YQL operations#

YQL helpers on self.deps.yt_client run YTsaurus SQL against Cypress tables. In prod that is cluster YQL; in dev many helpers go through DuckDB-backed simulation (behavior may differ for edge cases).

Overview#

Tip

When YQL fits

Use YQL helpers for joins, filters, aggregates, unions, and similar set operations. Use map when you need arbitrary Python per row or libraries YQL cannot call.

Typical uses:

  • Join or reshape tables without shipping mapper.py.

  • Let YT choose execution plans for large inputs.
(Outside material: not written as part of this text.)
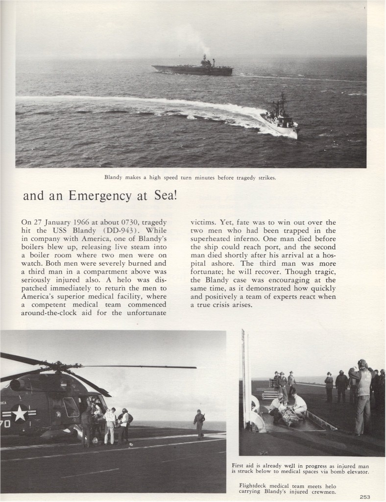 | 206k | Page from the USS America (CVA-66) cruisebook showing the events of the January 27 1966 boiler explosion aboard the Blandy. | Thomas Becher |

  • Preview SQL with dry-run APIs where supported.

Defaults

  • PRAGMA yt.MaxRowWeight is injected at 128M unless you override (max 128M).

Note

YQL vs map

YQL expresses set logic declaratively. Map runs your Python on each row stream.

Request API#

Each helper is a *_request method on the YT client. It takes a single frozen dataclass from yt_framework.yt.clients.yql.yql_requests (for example JoinTablesRequest). The same types are what yt_framework.yt.clients.yql.yql_builder uses to build SQL strings.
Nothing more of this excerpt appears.